Tuesday, October 25, 2016

LOVE AMPLIFIED *~Release Day~* Giveaway




LOVE AMPLIFIED comes out today! You can get it now. Woohoo... go purchase it and come back here to enter the giveaway. Also, watch some exclusive content with a very handsome Jake Masters and the face on that front cover below. Read an exclusive excerpt if you need a reintroduction to Alyssa, the leading lady of the Heavy Influence series too.

Happy Release Day:

Love Amplified (Heavy Influence, #3)
By: Ann Marie Frohoff
Publisher AMF Publishing
Release Date: October 25, 2016
Pages: 176
Jake Masters is on the rise, sober and inspired. His solo music career has taken off and he's packed away his ugly skeletons - so he thought.
When a tropical rendezvous with Alyssa turns into an unexpected life-altering reunion, they must decide what's more important - their happily ever after or doing the right thing.  
Can it be both?

TODAY ONLY... for RELEASE DAY... Get LOVE AMPLIFIED for 99 cents!
Exclusive Excerpt:
Alyssa

There are things you can’t un-see…things that remain like thick burn scars,
always there to remind you of a fire you couldn’t run away from. Living in the same town as my rock star ex-boyfriend was one of them. Jake Masters, the love of my life and the torment of my existence had moved back from New York City, unexpectedly, and I had spotted him in the most unbelievable way.
Standing in the middle of the Manhattan Beach Pier the ocean waves crashed
against the pier piling, matching the pounding of my heart. My emotions churned like the blue water bubbling beneath me. I felt the heat of emotion rising up my neck. I kept blinking, not believing what I was seeing. I looked back at Nathan, who’d always been there for me during my darkest of days with Jake in high school. My friend Nathan, who became my boyfriend, back to friend, then turned fiancĂ©. He was talking on his cell phone. He’d answered a call from his hospital intern program, stalling our all too serious marriage conversation.
Waiting for him to get off the phone I had leaned against the pier’s railing,
looking out over the sand. It was a warm spring Monday afternoon and there were more people on the beach than usual, too many kids ran around at the shoreline and I thought it must have been a school holiday.
That’s when I saw him – Jake. My hands trembled instantly and my legs grew
wobbly. I took in a deep breath to get a hold of myself. His shirtless back faced me. There was no mistaking him. The tattoo dedicated to me, angled over his left bicep and down his shoulder blade, taunted me. It was as if it were alive, its strands of hair waving back and forth as he dug in the sand next to a little boy and a woman with long black hair. I could see them clearly as I stood above them on the pier. They were building a sand castle. I turned away unable to believe it. I leaned my back against the railing, watching Nathan as he slowly walked toward me.
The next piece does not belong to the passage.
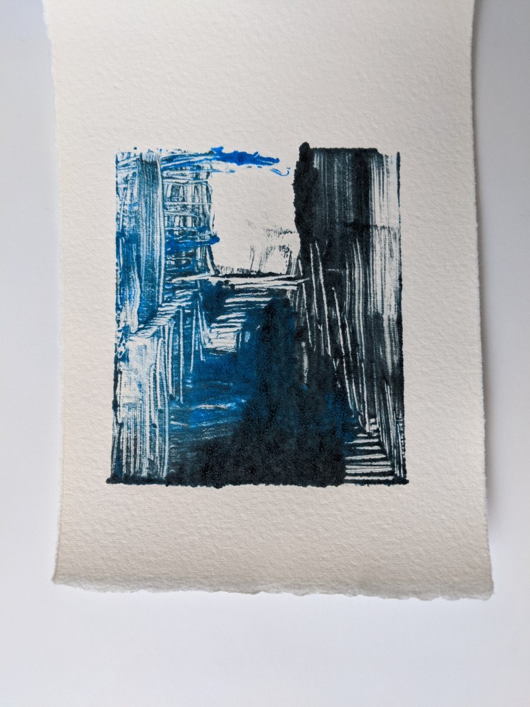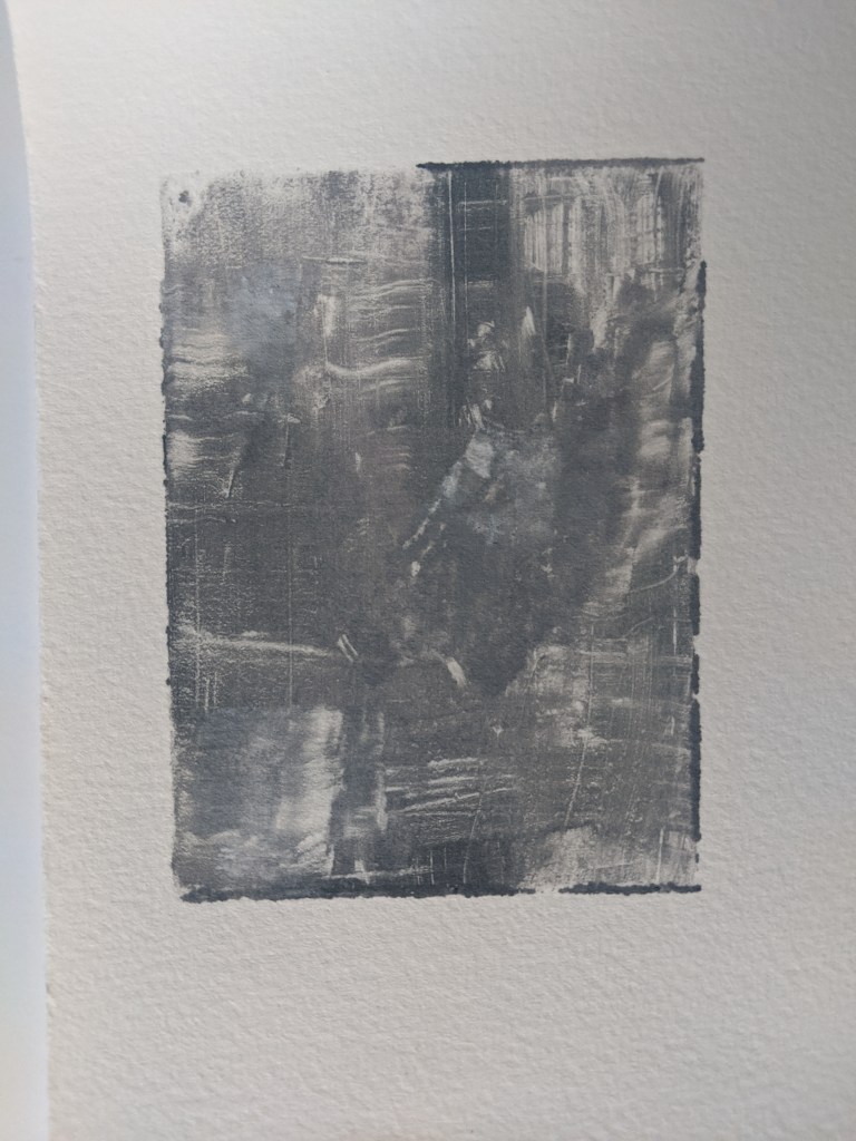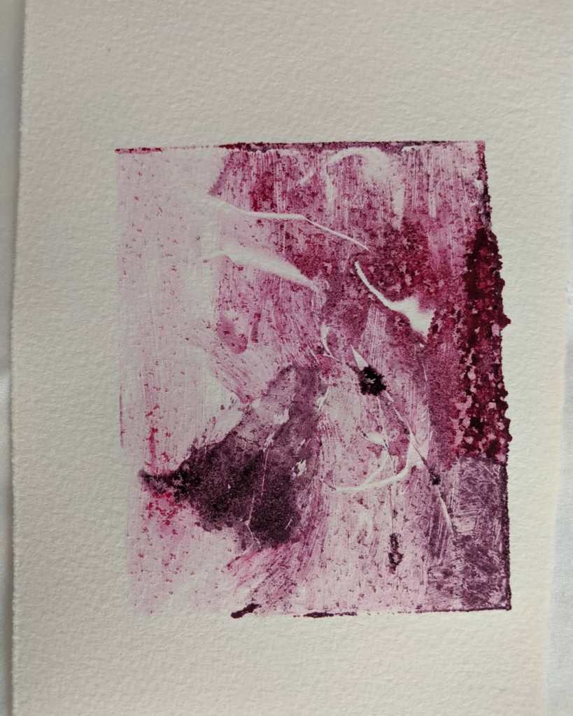 These little monotypes capture the moment of a song. I have to work fast before the ink dries on my plexiglass plate. It’s a gut reaction that can only exist once. In other words, it’s an edition of one, one-of-a-kind, cannot be reproduced image.

My handsome Nathan…maybe not mine anymore. I didn’t deserve him. I never
did. This was a sign. My heart would always belong to Jake. No man deserves a woman who would always pine for someone else.

What was I seeing?

I didn’t want to turn back to get another glimpse, but I had no control. I casually
glanced over my shoulder. Now I could hear their laughter as if they were the only ones on the beach and it shredded me to my core. Nathan finally made it to my side and I watched him as he rubbed his jaw, despondent. He’d flown in that morning, just to see me and to give me an ultimatum.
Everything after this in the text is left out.